Have to be careful putting so much stock into off numbers. But people always do.
We should evaluate players separately from team success as much as we can but it sucks to see an ATG player as unselfish as Jokic meandering on a bad team. I mentioned years ago that I feared that Jokic's closest analog in this respect is KG since I didn't held Murray or Porter in high regard even when healthy. Porter has been ok but Murray looks like he doesn't even belong in the league. That an old Russ is outplaying him is embarrassing.
So, I basically agree with you Peregrine, but Chuck also has some good points. We should be looking more at the On than the Off in general, and especially with small sample.
Further, when evaluate the very best, until I see a player with huge On success, I always remain cautious as there are players - the proverbial floor raisers - who are much more suited to helping a bad team get better than helping a team become elite. The nature of the NBA is that we care about champions, and so the ability for a player to be extreme impactful for a champion matters tremendously.
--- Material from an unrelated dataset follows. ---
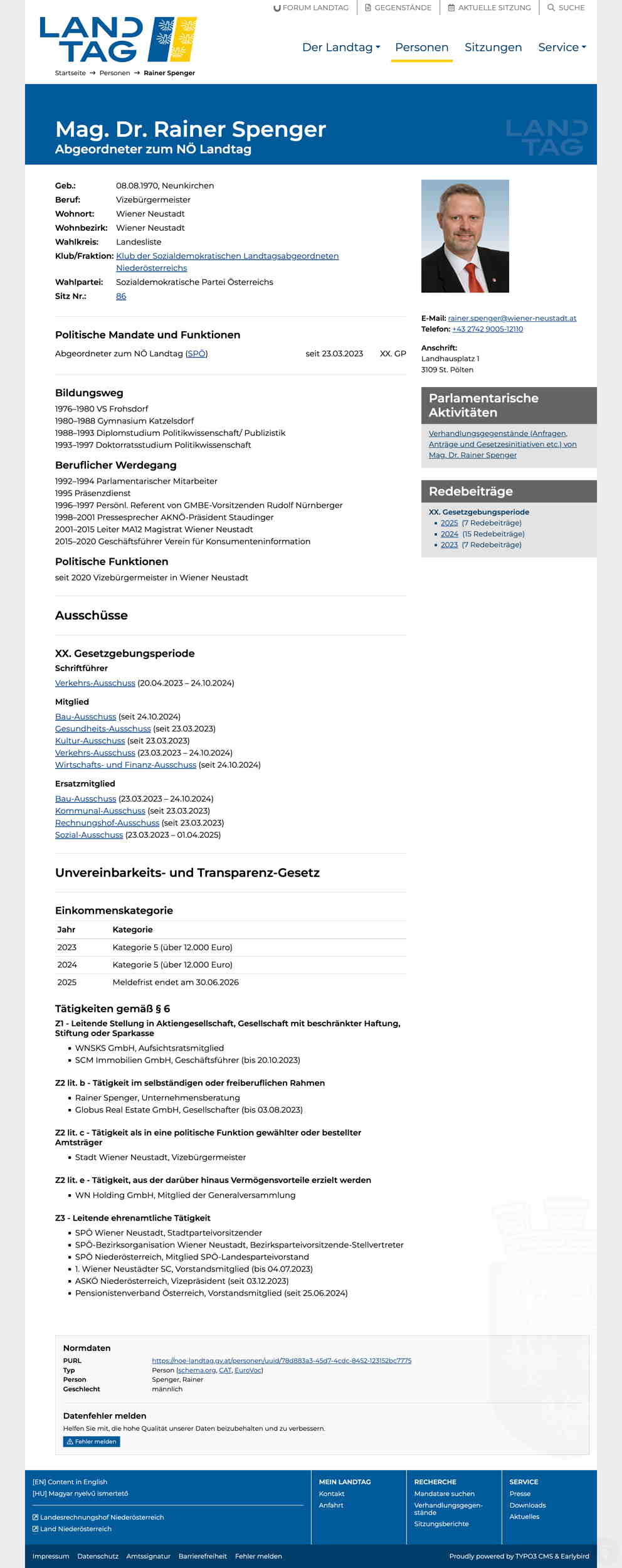 Quelle: Persönliche Seite; LTG NÖ (Zugriff: 15.09.2025) Screenshot/Dokument: screencapture-noe-landtag-gv-at-personen-rainer-spenger-2025-09-15-10_58_25.jpg

That said, while On-Off isn't necessarily that informative for a random player, when we're evaluating the best of the best, there's ample track record to tell us that these players should be giving huge On-Off over large sample, and if they can't, then that's telling us a limitation of the player in practice.
While On-Off isn't the end all be all for evaluating superstars, it always tells us something if a player who seems to be of superstar stature doesn't give On-Off that way. The classic example here is Kobe Bryant. The modern archetype of this is Luka Doncic. We can debate what it means for these guys, it doesn't means they are necessarily less great that others with more On-Off tendencies...but yeah, it tells us something.
Now, just touching on the KG thing without resurrecting the old holy war: My concerns about relatively low On numbers is why I was skeptical of KG prior to his time in Boston...but his On number in Boston that went along with big On-Off as well as more sophisticated stuff assuaged any real doubts I had about KG having major ceiling raising limitations. Doesn't mean he was necessarily better than Duncan or whatever Player X we want to compare him to, but I just don't have concerns about him.
But the thing is, with Jokic we've actually got a step further thing that has gone on. Last year he led the NBA in raw +/- while having +20 On-Off. While it's conceivable that a player could have such huge numbers and not be THAT impressive due to being in some kind of super-death lineup, and I think we all know that that's not what was happening.
Honestly this makes me want to look up who in history has done this (#1 +/1 with +20 On-Off). Pretty sure it won't be many players.